§ Try it
Using the listing below, set down exactly the lines from the one that contains "گردن آویز نقره" through the one that contains "Guidance 2026 Guidance", with no pictures.

START Entries provided

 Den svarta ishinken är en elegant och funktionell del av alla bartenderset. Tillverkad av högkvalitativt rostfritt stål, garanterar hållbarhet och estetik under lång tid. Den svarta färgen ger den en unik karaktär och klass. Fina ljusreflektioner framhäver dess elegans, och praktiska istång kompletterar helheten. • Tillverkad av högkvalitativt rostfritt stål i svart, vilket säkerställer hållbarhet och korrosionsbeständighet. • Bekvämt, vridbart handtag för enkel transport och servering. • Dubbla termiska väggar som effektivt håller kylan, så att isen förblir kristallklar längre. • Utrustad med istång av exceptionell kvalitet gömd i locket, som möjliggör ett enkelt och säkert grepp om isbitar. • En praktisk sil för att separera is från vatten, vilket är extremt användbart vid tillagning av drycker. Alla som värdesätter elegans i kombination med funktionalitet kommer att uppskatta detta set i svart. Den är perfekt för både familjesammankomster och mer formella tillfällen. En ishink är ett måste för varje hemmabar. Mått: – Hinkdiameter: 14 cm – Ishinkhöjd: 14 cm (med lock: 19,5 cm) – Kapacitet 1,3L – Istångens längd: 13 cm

END Entries provided
START Entries provided

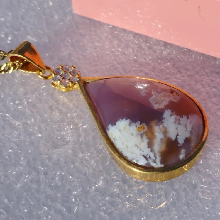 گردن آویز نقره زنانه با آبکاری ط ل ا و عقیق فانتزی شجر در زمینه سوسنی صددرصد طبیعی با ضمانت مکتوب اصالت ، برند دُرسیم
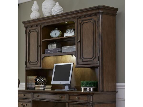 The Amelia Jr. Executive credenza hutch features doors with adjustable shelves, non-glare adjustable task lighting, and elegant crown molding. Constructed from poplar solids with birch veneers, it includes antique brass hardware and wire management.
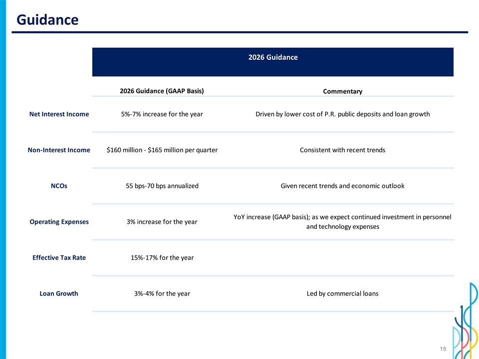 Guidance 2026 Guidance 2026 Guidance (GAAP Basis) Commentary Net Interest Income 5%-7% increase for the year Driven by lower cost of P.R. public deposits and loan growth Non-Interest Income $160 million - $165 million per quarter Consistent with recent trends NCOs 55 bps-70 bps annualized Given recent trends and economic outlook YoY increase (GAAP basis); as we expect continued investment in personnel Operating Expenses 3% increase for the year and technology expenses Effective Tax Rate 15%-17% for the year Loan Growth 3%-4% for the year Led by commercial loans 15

END Entries provided

§ Result
 گردن آویز نقره زنانه با آبکاری ط ل ا و عقیق فانتزی شجر در زمینه سوسنی صددرصد طبیعی با ضمانت مکتوب اصالت ، برند دُرسیم
 The Amelia Jr. Executive credenza hutch features doors with adjustable shelves, non-glare adjustable task lighting, and elegant crown molding. Constructed from poplar solids with birch veneers, it includes antique brass hardware and wire management.
 Guidance 2026 Guidance 2026 Guidance (GAAP Basis) Commentary Net Interest Income 5%-7% increase for the year Driven by lower cost of P.R. public deposits and loan growth Non-Interest Income $160 million - $165 million per quarter Consistent with recent trends NCOs 55 bps-70 bps annualized Given recent trends and economic outlook YoY increase (GAAP basis); as we expect continued investment in personnel Operating Expenses 3% increase for the year and technology expenses Effective Tax Rate 15%-17% for the year Loan Growth 3%-4% for the year Led by commercial loans 15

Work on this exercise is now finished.